A question about the relative scales of word embeddings and position encodings

VHellendoorn / ICLR20-Great

Data and Code for Reproducing "Global Relational Models of Source Code"

MIT License

83 stars 22 forks source link

A question about the relative scales of word embeddings and position encodings #10

Open jonathan-laurent opened 2 years ago

jonathan-laurent commented 2 years ago

In this implementation, the embedding weights are initialized with a standard deviation of dmodel**-0.5 (see code). This is consistent with many existing Transformer implementations and this means that the embeddings will have a norm of about 1.

However, if I am correct, positional encodings have a greater norm, of the order of dmodel**0.5.

Thus, it is surprising to me that you are adding embeddings with positional encodings without rescaling the former. Indeed, we can see many implementations multiplying embeddings by dmodel**0.5 before adding the positional encodings.

Would you have any comment on this by any chance?

VHellendoorn commented 2 years ago

Thanks for pointing this out. You are right, the positional encoding norm might "drown out" the token embeddings with higher hidden dimensions in the current formulation. I suppose the implementation you reference would address this, though it is surprising to me that we would not rather normalize the positional encodings by a factor of dmodel**-0.5 so as to preserve a norm of <2. Scaling the token embeddings back up seems to essentially annul the benefit of initializing them as we typically do.

Do you have any pointers to work that studies the merit of the various options here? I suppose I could rerun a model or two in order to benchmark whether this change makes a significant difference, although this repository will soon be largely superseded by our more recent work, PLUR -- which I can confirm has the same flaw (positional encodings are added with no apparent scaling here).

jonathan-laurent commented 2 years ago

I guess scaling down the positional encodings would work too. You would just get a smaller signal across the whole network.

Relatedly, I believe the reason many transformer implementations initialize the embedding weights with a standard deviation of dmodel**-0.5 (instead of the default of 1 implemented in most DL framework) is that they share weights between the embedding layer and the final decoder layer.

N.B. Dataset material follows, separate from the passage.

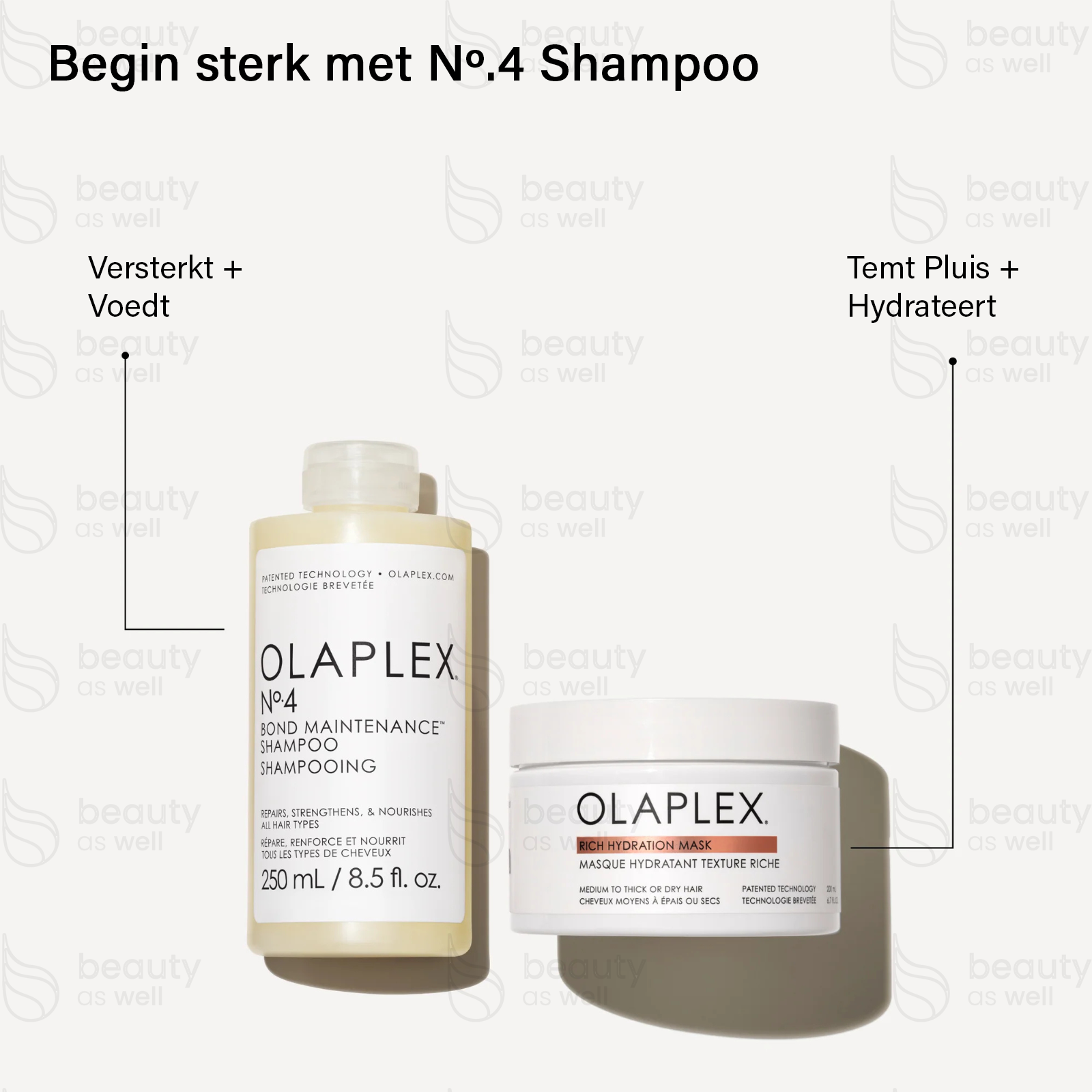 Voor het beste resultaat: combineer het OLAPLEX Rich Hydration Mask met de OLAPLEX Nº.4 Bond Maintenance Shampoo voor extra zachtheid en herstel.

It is natural to initialize the last decoder layer with a dmodel**-0.5 standard deviation because this corresponds to the standard Kaimin initialization.

I have seen transformer implementations do every possible thing here (including scaling up the embeddings even when they are initialized with unit variance) and never found a good discussion of all possible alternatives. Please let me know if you manage to learn more on the topic.